Dini inançlar, bireylerin cinsel aktiviteye ilişkin kararlarının belirlenmesinde önemli bir rol oynamıştır. Hamile kalmaya çalışırken doğum kontrolünü bilinçli olarak bırakma kararına benzer şekilde, birçok birey için cinsel aktivitenin ne zaman uygun görüldüğü kararı da bu faktörden etkilenmektedir.
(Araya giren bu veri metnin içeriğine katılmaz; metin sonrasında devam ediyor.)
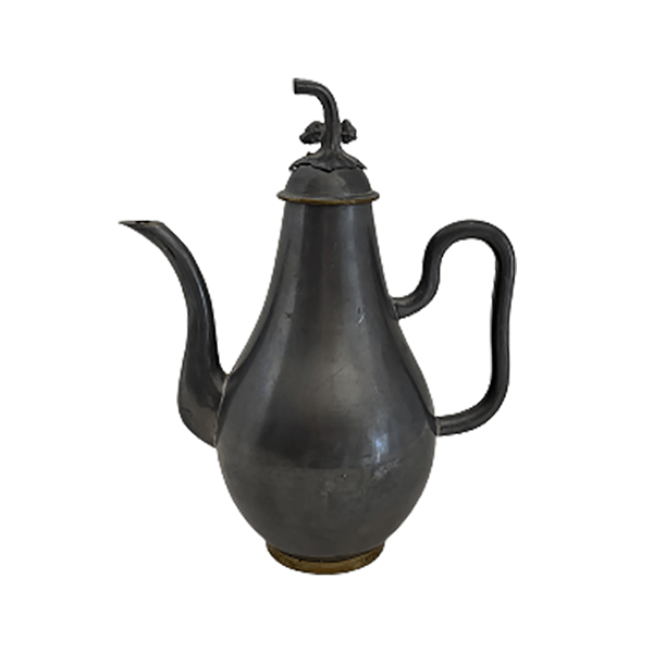 Offering a decorative vintage metal pitcher trimmed in brass and topped with a stylized acorn stopper. Marked “Made in Hong Kong” on the bottom, which indicates it was made for export after 1891. I purchased it in 1971 when we lived on Guam, so I believe it dates to the 1950s or 60s. I spent a bit of time trying to figure out what metal it is made of. Beyond the obvious (is it magnetic?), it’s not that easy to know for sure, but based on this article by Crystal Vogt written for Hunker, my money is on pewter. If anyone thinks differently, please let me know.

Halihazırda Katolik Kilisesi üremeyi evliliğin temel bir unsuru olarak görmekte ve bilinçli olarak çocuk sahibi olmamayı tercih etmeyi kutsallığı geçersiz kılmaktadır.
Söz konusu bakış açısı Papa IX. Gregory dönemine ve onun 13. yüzyılın başlarından ortalarına kadar uzanan dönemde yayınladığı fermana kadar uzanmaktadır. Söz konusu kararname, üremeden kaçınma amacıyla yapılan evliliklerin geçersiz sayılmasını öngörüyordu.
Orta Çağ Döneminde Cinsel Eğitim
Bu dönemde cinsel eğitim ve anatomi konusundaki genel bilginin sınırlı olmasına rağmen, bireyler hamileliği önleme yöntemleri konusunda yeterli bir anlayışa sahipti. Daha önce araştırıldığı üzere, Orta Çağ toplumu bedenlerini kontrol etmek, gebe kalmaktan kaçınmak ve nihayetinde kaderleri üzerinde bir miktar tasarrufta bulunmak amacıyla çok çeşitli fiziksel ve ahlaki doğum kontrol teknikleri kullanmıştır.